Entries taken from a collection
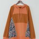 A hooded sweatshirt crafted with mixed materials for a unique silhouette. Featuring decorative ethnic-inspired trim and a vintage feel, it's perfect for casual wear, effortlessly expressing your personal style.
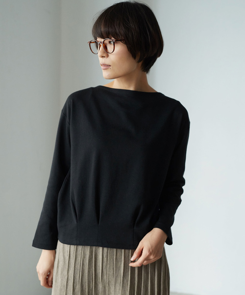 すっきりとしたボートネックが、ヘルシーな女性らしい印象を与えてくれるプルオーバー。 裾にタックを効かせることでニュアンスをプラスし、スタイリングにこなれ感を演出してくれます。 シンプルな無地にすることで着回し力も高く、ワードローブの定番アイテムとしても重宝すること間違いなし。
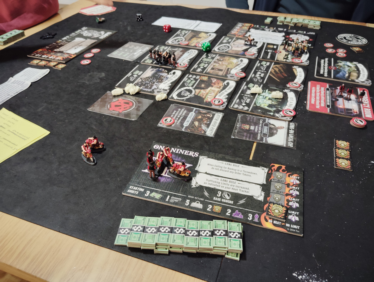 , es un juego que se me da bastante bien, modestia aparte, hace un par de miércoles gané con Sam Cro, y este volví a a ganar, eso sí, de una manera más ajustada con One Ninners XIX 41 dólares, Mayans 38 y Sam Cro 29... La verdad es que es un juego del que se oye poco hablar y está muy bien, con un setup rápido, bastante variación entre partidas; hay cinco losetas de localización fijas pero se eligen 6 losetas de localización diferentes al azar de 19 cada partida, y también se eligen 15 cartas al azar de 40 que es lo que va a marcar el tiempo de la partida, localizaciones extra, cambios de reglas durante el turno y los diferentes eventos. Con lo cual no hay dos partidas iguales.
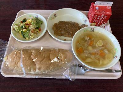 バターロールパン ハンバーグ キャベツとツナのサラダ マカロニスープ
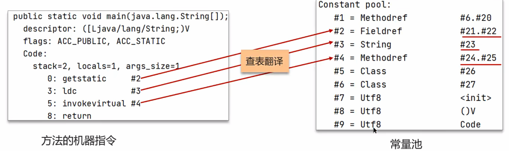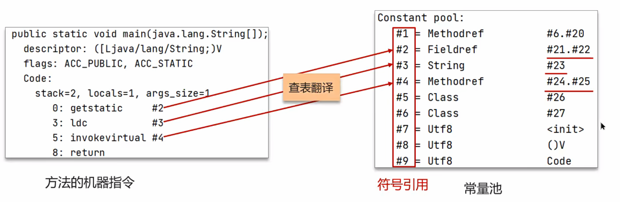 可以看作是一张表,虚拟机指令根据这张常量表找到要执行的类名、方法名、参数类型、字面量等信息。
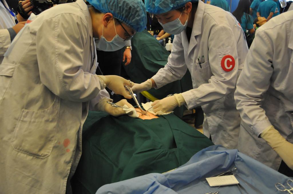 本届比赛参赛代表队共33支,参赛选手132名,均为我校2012级(98期)七年制和五年制临床医学专业学生。参赛学生来自19所临床学院、教学医院。本届比赛采取多站式初赛和赛道式决赛,项目涉及内科、外科、护理等多项临床技能操作;包括临床技能、临床思维、人文关怀、法律法规等所有既定赛事。考核项目的设置重在考察医学生基本临床技能、基本临床操作、外科临床操作技能。选取的病例内容紧密贴近临床、并兼顾操作速度和质量,充分考查了学生临床思维、临床综合操作能力及临场应变能力;另外本届比赛首次引进了信息化考评手段,利用平板电脑现场评分,这项举措不但提高了比赛效率、准确率,而且实现了对比赛结果的及时分析和反馈。同时本次大赛还邀请了所有参加此次比赛的各临床教学基地的专家作为比赛裁判,充分体现了比赛的公平。
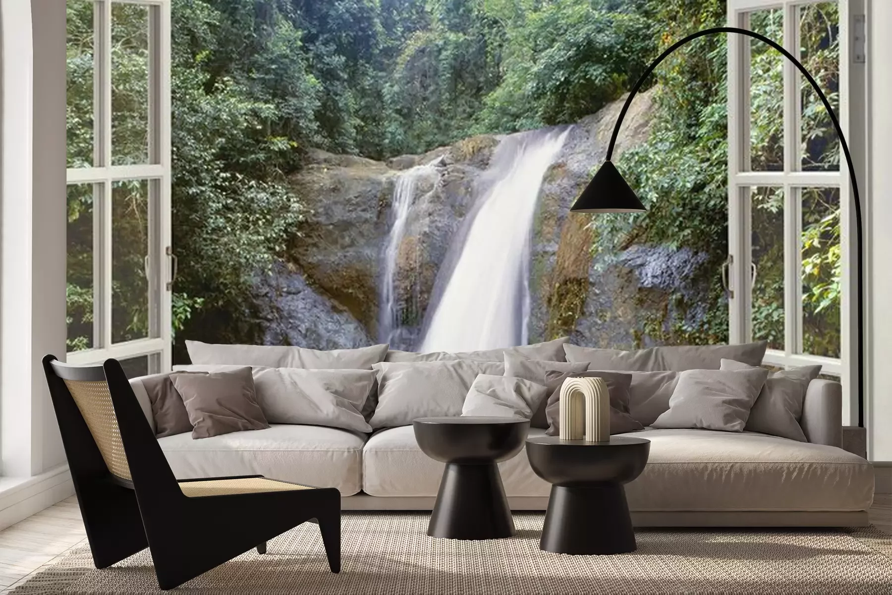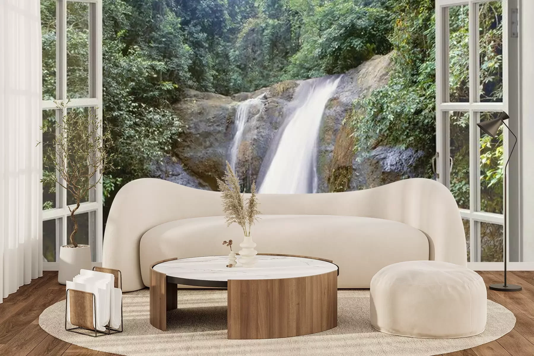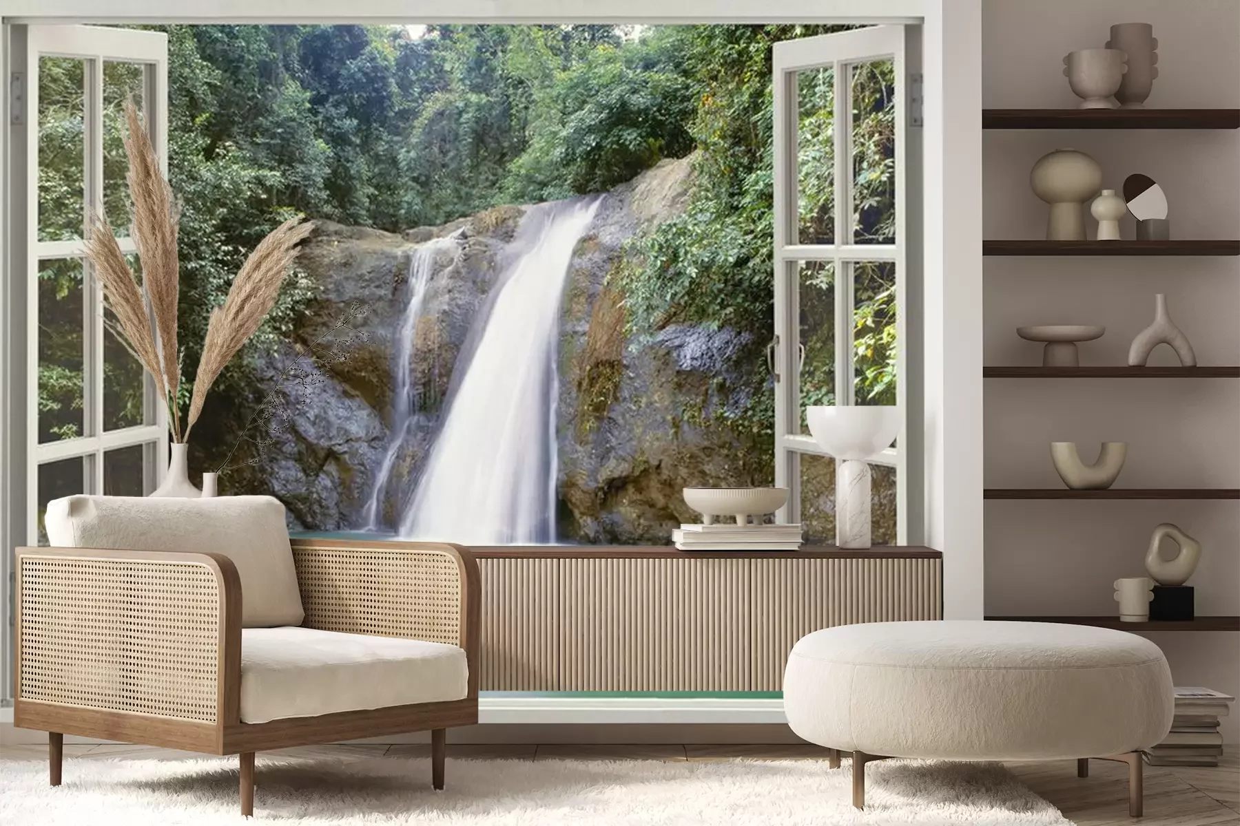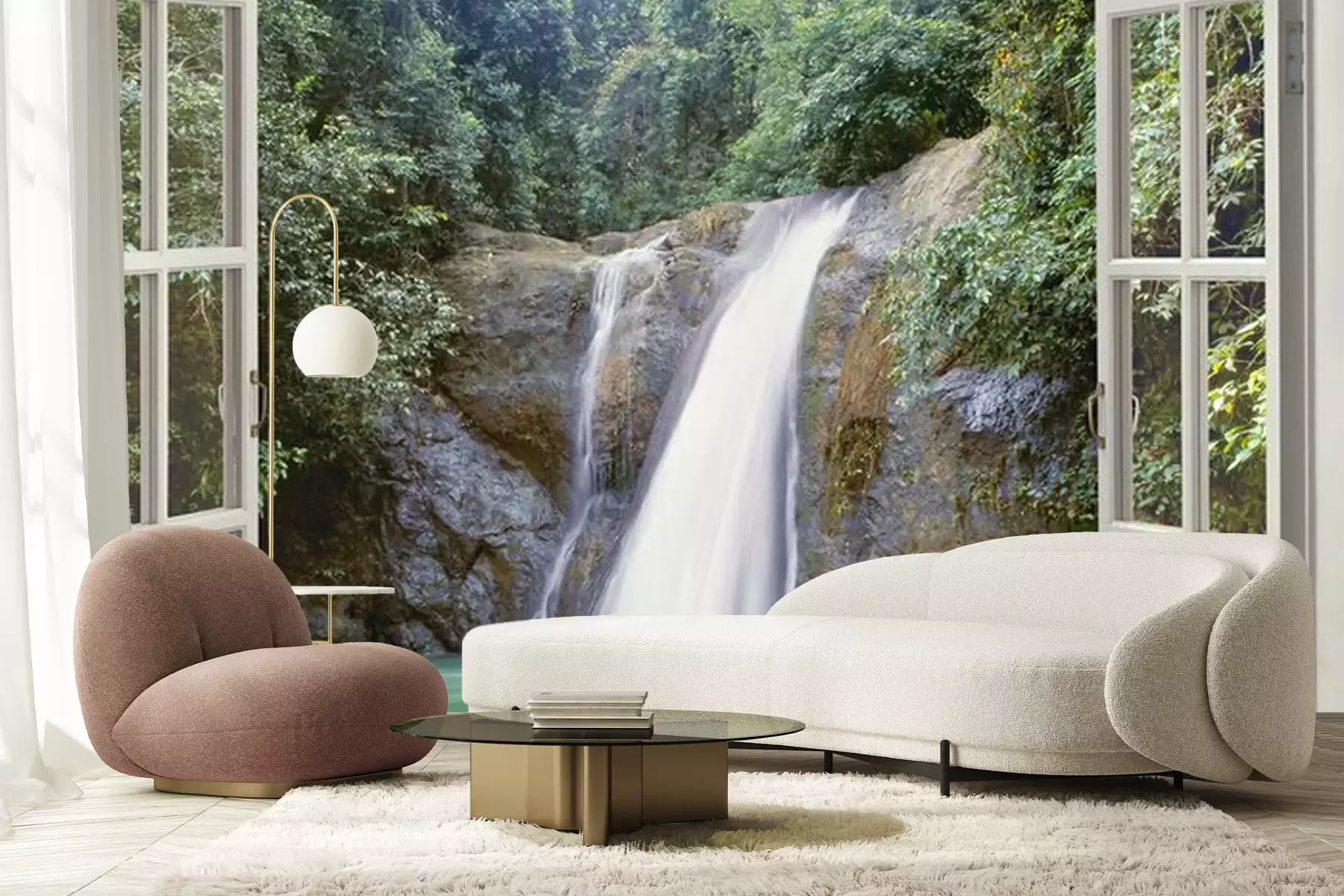 Wasserfälle vor dem FensterFototapete

Work task: Exactly as written above, retype the lines starting at the one holding "バターロールパン ハンバーグ キャベツとツナのサラダ マカロニスープ" and ending at the one holding "可以看作是一张表,虚拟机指令", both included, but not the pictures.

Task response:
 バターロールパン ハンバーグ キャベツとツナのサラダ マカロニスープ
 可以看作是一张表,虚拟机指令根据这张常量表找到要执行的类名、方法名、参数类型、字面量等信息。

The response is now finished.